● Requirement: Exactly as they appear, print the line with "Des Weiteren werden" and each line after it through the end of the entries below; leave out pictures.

:: Extracted information

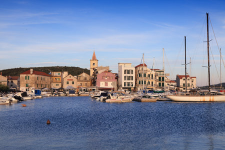 Old coastal town of Betina on Murter island in Dalmatia, Croatia. Adriatic seascape.
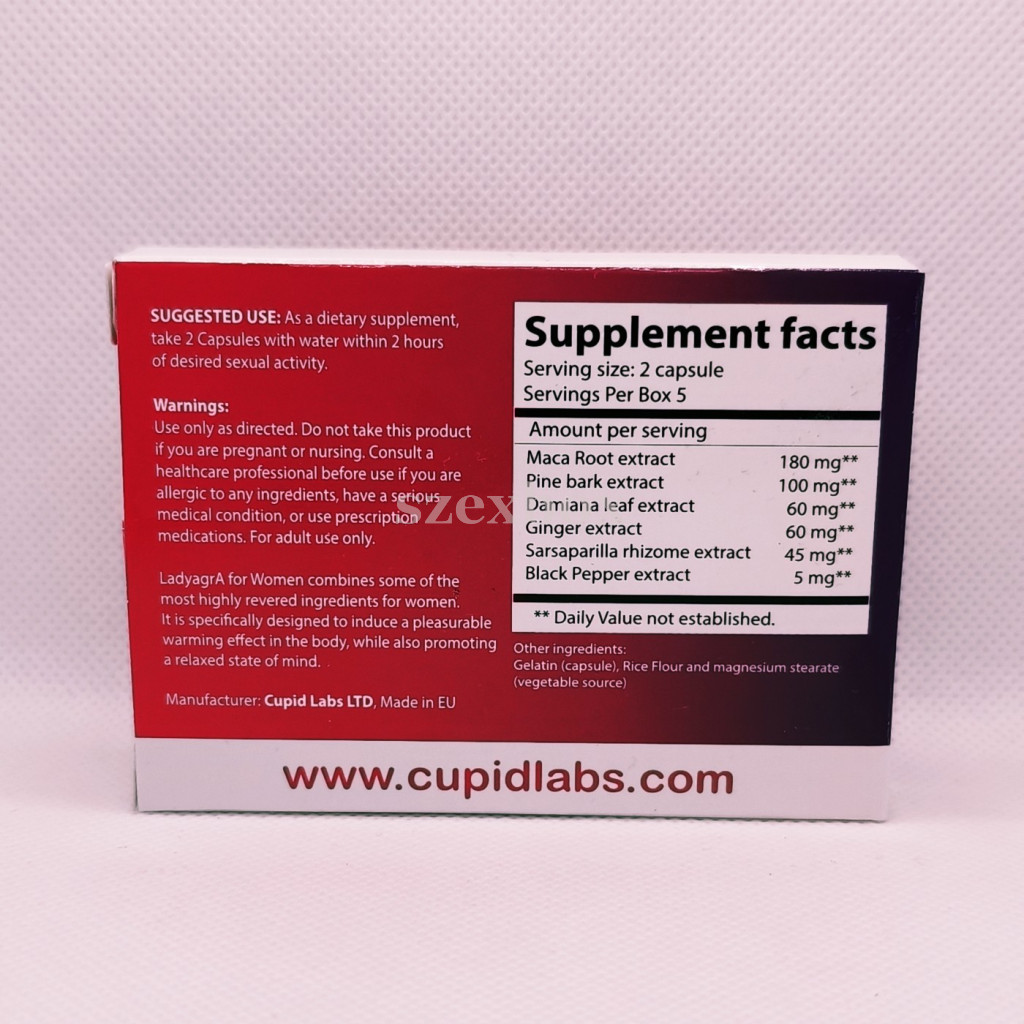 A Ladyagra egy étrend-kiegészítő kapszula, amely többféle növényi kivonatot és aminosavat tartalmaz a női szexuális jólét támogatására. Összetevői – például maca gyökér, damiana, fenyőkéreg kivonat és L-arginin hatásmechanizmusú komponensek – hozzájárulhatnak a vérkeringés és az energiaszint támogatásához. A kapszula 30–60 perccel az együttlét előtt alkalmazva fejti ki hatását, amely egyénenként eltérően alakulhat, jellemzően több órán át tart. A készítmény 10 darab kapszulát tartalmazó kiszerelésben érhető el, alkalmi és kúraszerű használatra is megfelelő. Nem gyógyszer, hanem növényi alapú étrend-kiegészítő.
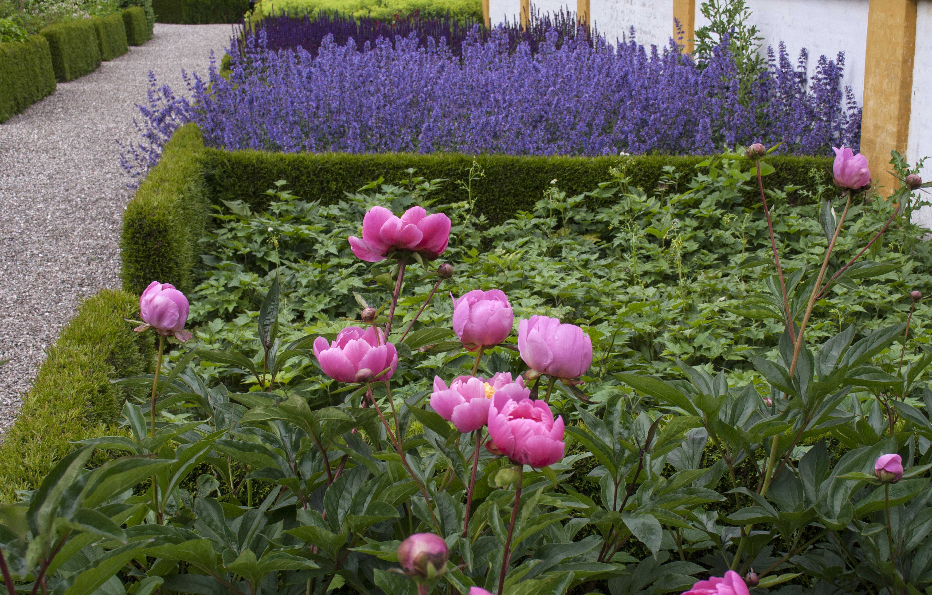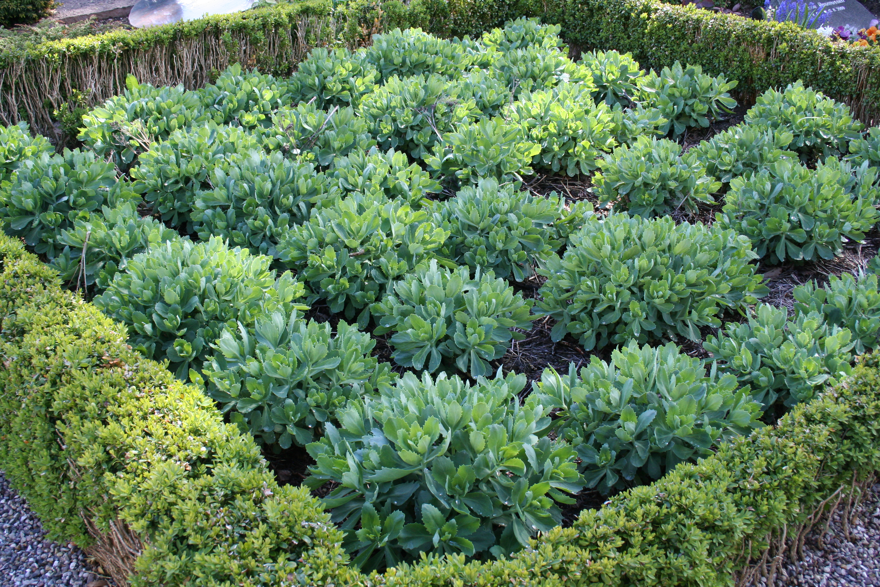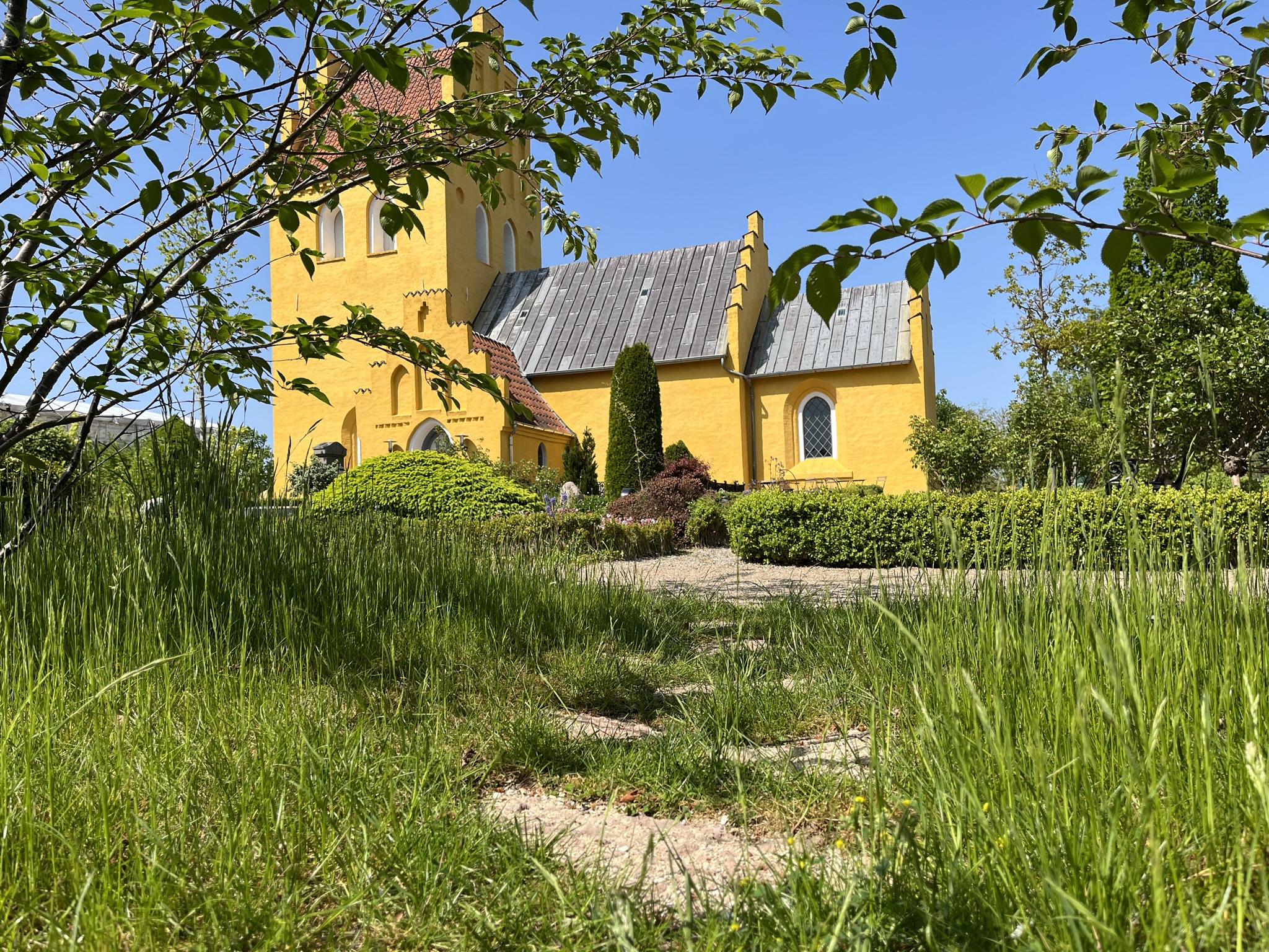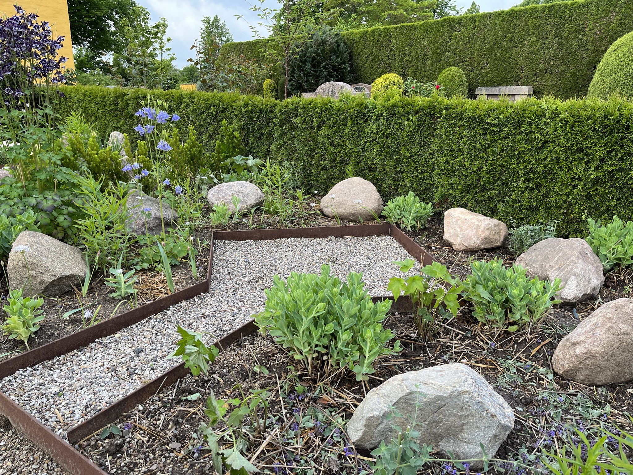 Frugthaven er tilplantet med gamle, lokale æblesorter. Og igennem de sidste mange år har vi plantet hundredevis af blomstrende stauder i de tomme, store grave, så vi bevarer kirkegårdens struktur.
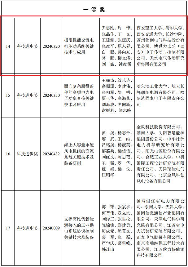 其中,电气工程学院尹忠刚教授主持的《极限性能交流电机驱动系统关键技术与应用》项目荣获2024年度中国电工技术学会科学技术奖一等奖。
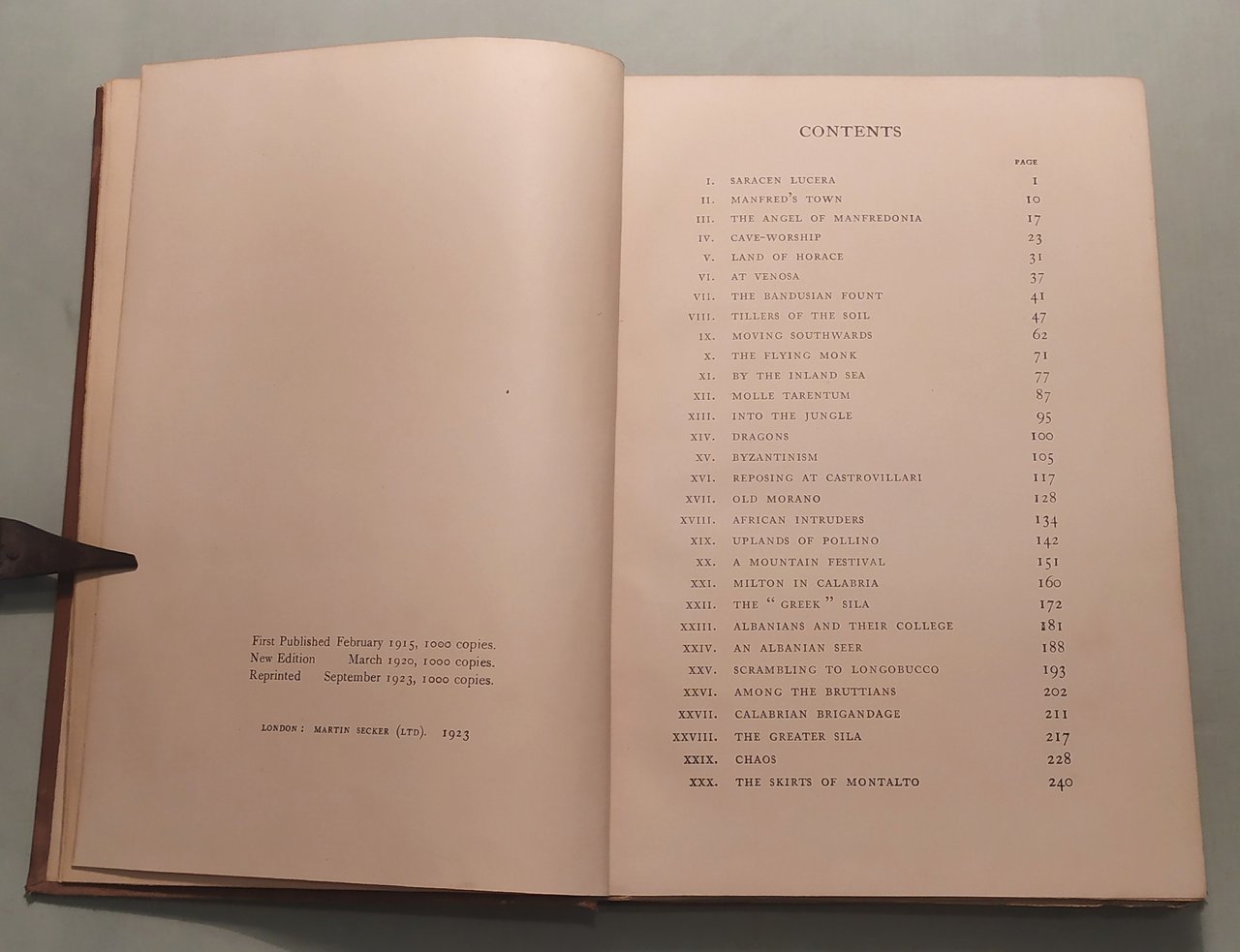 London, Martin Secker, 1923. Third printing. In 8vo; pp.VI, 352. Copertine originali in tela color tabacco, titolo in oro al dorso. Edizione rara, è la ristampa in mille copie della seconda edizione pubblicata nel 1920. Woolf A16b.
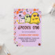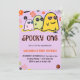 Spooky one Ghost Purple Groovy Halloween 1st birthday Invitation : This Halloween 1st birthday invitations in purple and orange with theses cute ghost, bat, spider, spider web & groovy flowers, retro typography, is for kids / children (baby girl). (ex: Spooky one. Join us for the spooktacular Alexandra's first birthday XXXXX October XX... )This halloween first birthday invitation is great for spooky birthday / groovy baby / groovy birthday / floral halloween. You can personalise this girly halloween birthday party invites with all your informations. Perfect for halloween 1st birthday invites, halloween first birthday invitations, 1st birthday party, halloween first birthday, girl birthday party, october birthday, girl 1st birthday... HALLOWEEN THEME ( 70s, seventies, peace and love, hippie, the spooky one birthday invitations, spooky one birthday )
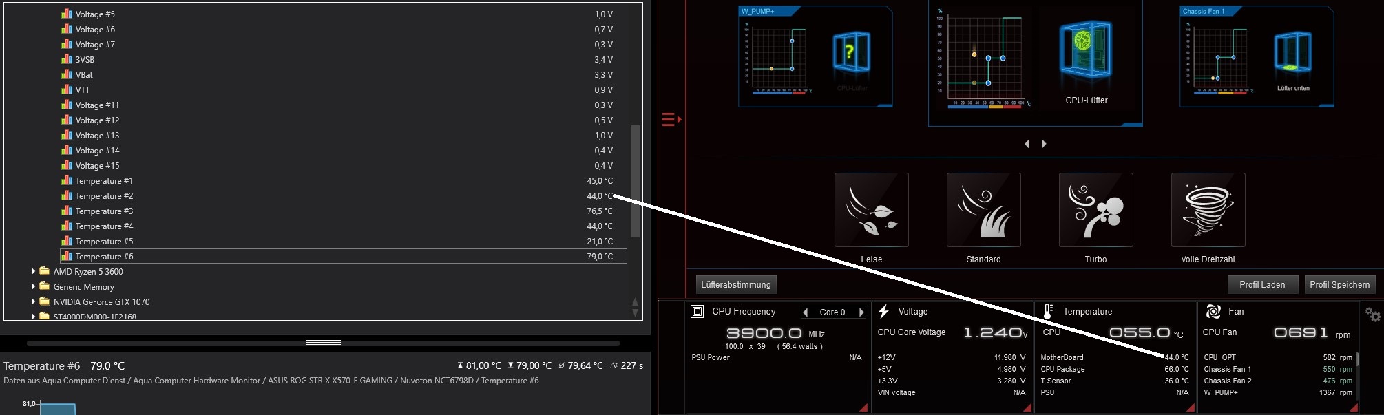 Des Weiteren werden komische Werte ausgelesen. Habt Ihr ein Mapping vom ASUS X570-F Gaming? Die meisten Werte verändern sich gar nicht. In der AI-Suite von ASUS stehen ganz andere Werte (in Echtzeit). Diese stimmen so ziemlich mit dem überein, was in HWiNFO ausgelesen wird.
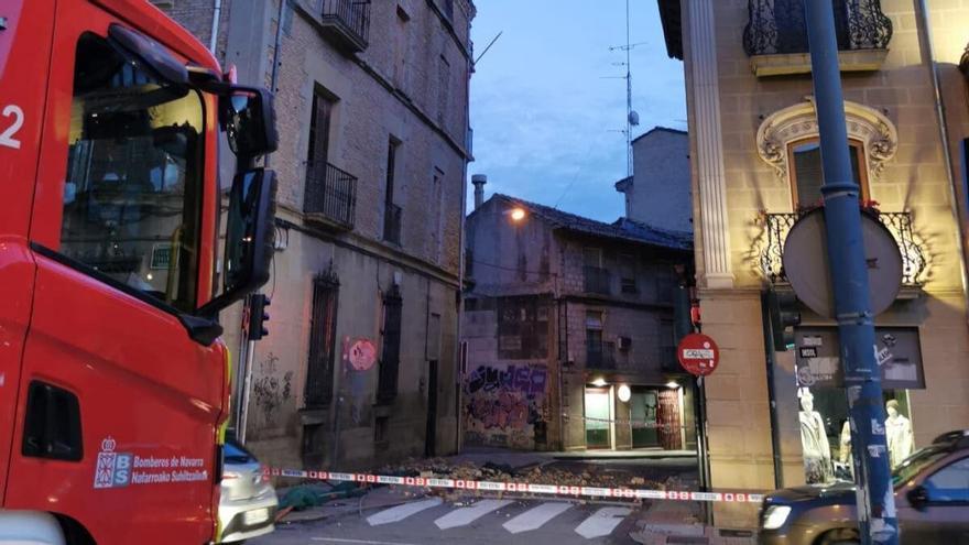 Susto este domingo por la tarde en Tafalla por el desprendimiento del alero de un tejado en pleno centro de la localidad. El derrumbe se ha producido en la calle Diputación Foral, una zona muy transitada, pero por suerte no ha habido que lamentar heridos.

::::

● Answer for this exercise:
 Des Weiteren werden komische Werte ausgelesen. Habt Ihr ein Mapping vom ASUS X570-F Gaming? Die meisten Werte verändern sich gar nicht. In der AI-Suite von ASUS stehen ganz andere Werte (in Echtzeit). Diese stimmen so ziemlich mit dem überein, was in HWiNFO ausgelesen wird.
 Susto este domingo por la tarde en Tafalla por el desprendimiento del alero de un tejado en pleno centro de la localidad. El derrumbe se ha producido en la calle Diputación Foral, una zona muy transitada, pero por suerte no ha habido que lamentar heridos.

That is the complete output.